*INSTRUCTIONS TO FOLLOW*. Would you retype exactly the lines below, starting with the one that has "A pair of Brass" and going on through the one that has "美国劳工部发布的2月非农就业", with no pictures and nothing else?

*DATA TO USE*.
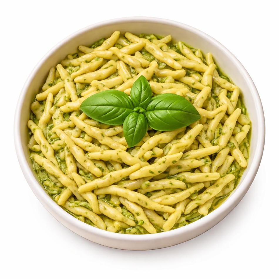 Pesto, Basilikum, natives Olivenöl extra, Cashewnüsse, Grana Padano DOP, Pinienkerne. Parmesan wird automatisch serviert. Bitte 3 Minuten in der Mikrowelle erhitzen, um die perfekte Temperatur zu erreichen.
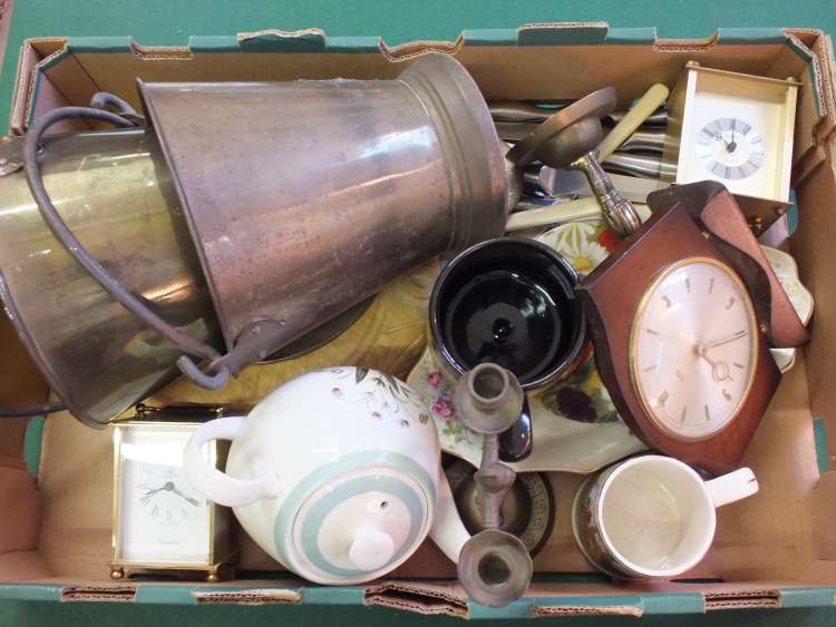 A pair of Brass candelabra, cutlery and sundries
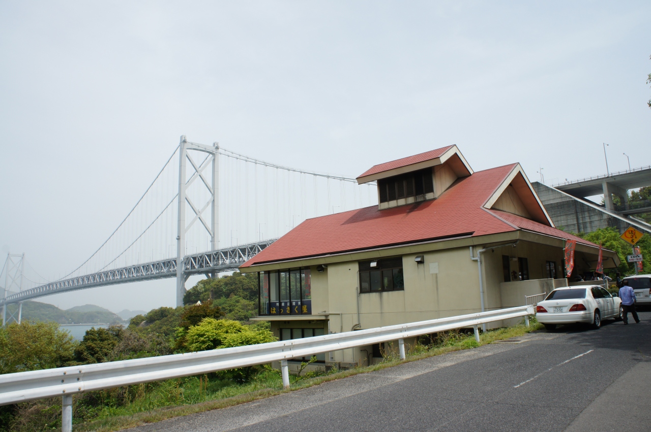 因島大橋は、向島と因島を結んでいる橋。向島と因島の間は、布刈(めかり)瀬戸といって、主要航路になっていて、大型の船も行き交います。全長は、1,270m。建設当時は、日本最長の吊り橋だったようです。海面からの高さは、50m。ここも、他のしまなみ海道の橋と同じように、歩行者・自転車専用の道路があります。自転車は、50円ですが、歩行者は無料。実際に渡る人だけでなく、ただ見るだけの人も多いようで、橋に向かう人は意外に大勢。写真は、因島側の橋のたもと。はっさく屋から橋を眺めたものです。
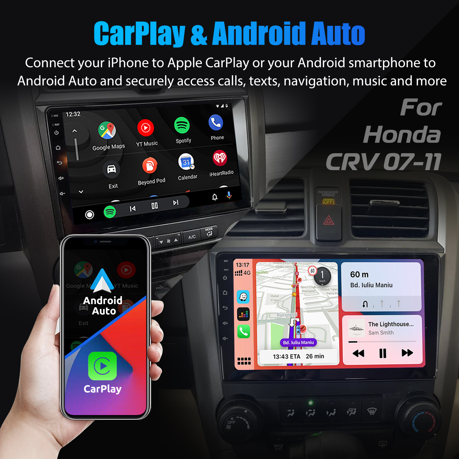 9 Inch Android 13 Car Radio For Honda CRV 2007-2011: The Android car radio with 9" 1280* 720 IPS touchscreen , 2GB RAM and 32GB ROM
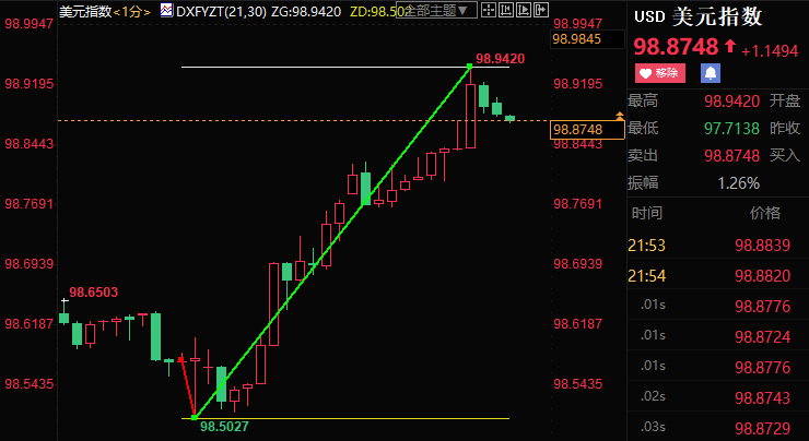 美国劳工部发布的2月非农就业报告表现大幅向好,失业率下降。尽管薪资增速明显放缓,但劳动力市场仍较为强劲,就业复苏似乎步入正轨。数据公布,美指短线飙升近40点,创2020年5月28日以来新高,逼近99关口。
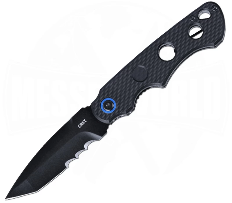 Eine 8,6 cm lange Tanto Klinge aus 12C27 wird von einem Teilwellenschliff und einer schwarzen Beschichtung begleitet, was sich für den Anfang schon mal sehr gut anhört. Der Griff aus G10 ist nicht nur robust, sondern auch ergonomisch geformt und mit gewichtsreduzierenden Aussparungen versehen. Er bietet einen sicheren Halt und reduziert gleichzeitig das Gesamtgewicht des Messers, welches bei 111 g liegt. Die Klinge läuft auf einem IKBS-Kugellager und wird beim Öffnen über den Flipper Federunterstützt. Man braucht den Flipper nur leicht antippen und schon ist die Kling bereit, euch bei allem zur Seite zu stehen, wofür Ihr es braucht. Zum Verriegeln der Klinge setzt CRKT auf einen bewährten und sicheren Linerlock. Selbstverständlich darf ein Tip-Up-Pocketclip nicht fehlen, um das wahnsinnig coole Hammond A.B.C. immer griffbereit zu haben. Einen Hingucker haben wir aber noch, den blau anodisierten Ring an der Achsschraube, ich finde, das lockert das Gesamtbild noch etwas mehr auf.

*RESULT OF THE TASK*.
 A pair of Brass candelabra, cutlery and sundries
 因島大橋は、向島と因島を結んでいる橋。向島と因島の間は、布刈(めかり)瀬戸といって、主要航路になっていて、大型の船も行き交います。全長は、1,270m。建設当時は、日本最長の吊り橋だったようです。海面からの高さは、50m。ここも、他のしまなみ海道の橋と同じように、歩行者・自転車専用の道路があります。自転車は、50円ですが、歩行者は無料。実際に渡る人だけでなく、ただ見るだけの人も多いようで、橋に向かう人は意外に大勢。写真は、因島側の橋のたもと。はっさく屋から橋を眺めたものです。
 9 Inch Android 13 Car Radio For Honda CRV 2007-2011: The Android car radio with 9" 1280* 720 IPS touchscreen , 2GB RAM and 32GB ROM
 美国劳工部发布的2月非农就业报告表现大幅向好,失业率下降。尽管薪资增速明显放缓,但劳动力市场仍较为强劲,就业复苏似乎步入正轨。数据公布,美指短线飙升近40点,创2020年5月28日以来新高,逼近99关口。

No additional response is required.